1. quanto ai benefici “epistemici” si ribadisce quanto già affermato in precedenza e cioè che il ruolo dei fattori “valutativi” nei nostri processi epistemici è ormai un dato assodato dalle epistemologie contemporanee e tradotto anche in termini di “scarto”, scostamento, errore tra rappresentazioni e realtà. Ciò mi consente di poter dire che sebbene, ovviamente, si possano produrre dei passi in più in questo senso (soprattutto relativamente alla consapevolezza e alle implicazioni di questi problemi), nell’ambito della prassi processuale questo problema sia già abbastanza compreso e valorizzato. Penso in particolar modo ai momenti in cui l’organo giudicante si confronta col sapere scientifico o comunque specialistico, momenti in cui spesso il giudice viene informato dello “scarto” dell’incertezza, appunto, perché esso è un valore già misurato in ambito scientifico. Mi sembra quindi che l’approccio non dicotomico in termini epistemici non porti sostanzialmente un grande contributo. Se è vero che si può fare di meglio nella gestione di questi aspetti, ciò può essere fatto anche rimanendo realisti.

2. Riguardo al valore “sociale”, cioè ai benefici che un approccio non dicotomico apporterebbe in termini di stigmatizzazione, controllo delle decisioni e legittimazione dell’istituzione processuale mi sembra di poter affermare che la neutralità della proposta di Laudan (essa al contrario di quella di Villa, non sembra implicare nemmeno in modo residuale una postura anti-realista) consente serenamente di raggiungere tali fini – anche in questo caso – anche rimanendo pienamente realisti. Così, in definitiva mi pare che la proposta di Laudan non porti alcun reale sostegno alla proposta costruttivista. La sua posizione sembra invece rendere palese che “non dicotomia” e “anti-realismo” non sono in alcun modo parti di un binomio necessario.

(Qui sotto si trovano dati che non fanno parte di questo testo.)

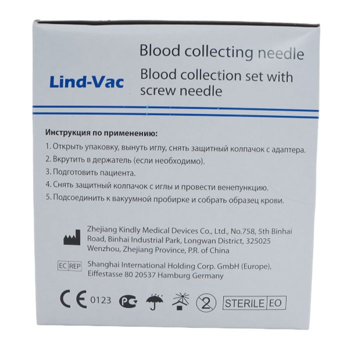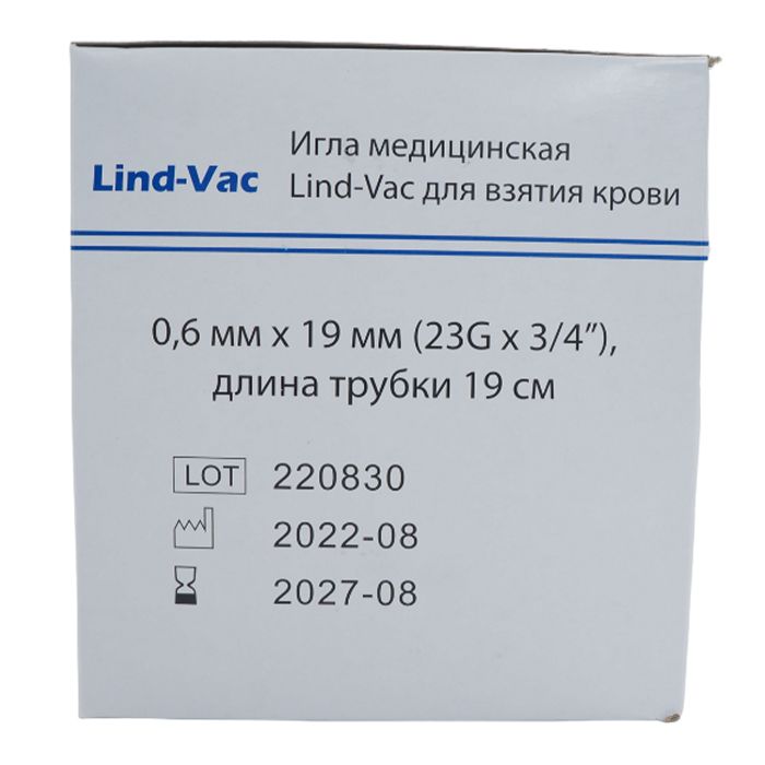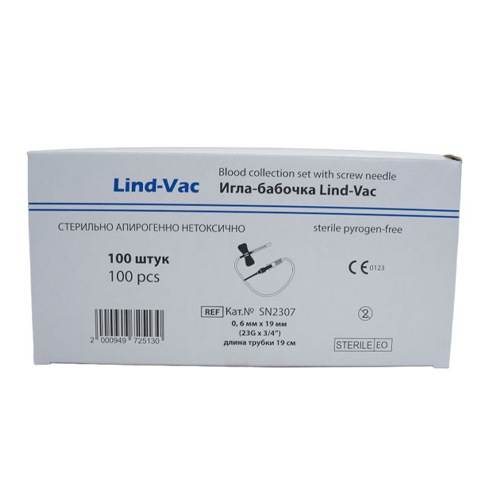 Игла-бабочка Lind-Vac 23G x 3/4'' x 7'' 0.6мм х 19 мм, длина трубки 19 см, 100 шт/уп

3. Relativamente al valore aggiunto che la proposta di Dummett porterebbe alla descrizione e comprensione del linguaggio processuale credo che (come nel caso della logica fuzzy di Mazzarese) esso potrebbe avere una qualche utile applicazione solo a livelli di astrazione molto alti rimanendo di assai difficile applicazione per la pratica processuale. Sebbene l’applicazione di tale impostazione potrebbe essere riferita a specifici ambiti del linguaggio credo che, come nel primo caso, tale applicazione sia oltremodo “costosa” e quindi non auspicabile. Inoltre, anche considerati quegli ambiti specifici del linguaggio processuale nei quali sembra avvertirsi l’esigenza di un uso ristretto della logica classica sembra oltremodo pretenzioso pensare di descrivere gli atti assertori delle parti processuali e quelli valutativi di chi li giudica attraverso una sospensione effettiva del principio di bivalenza (tanto più che, come si diceva, il giudice ha un obbligo perentorio di decidere che non gli permette di scegliere in senso neutrale).

Alcune delle intuizioni proposte da Dummett, tuttavia, sono degne di nota e saranno esaminate nel prosieguo anche attraverso il confronto con alcune tesi di Ferrer.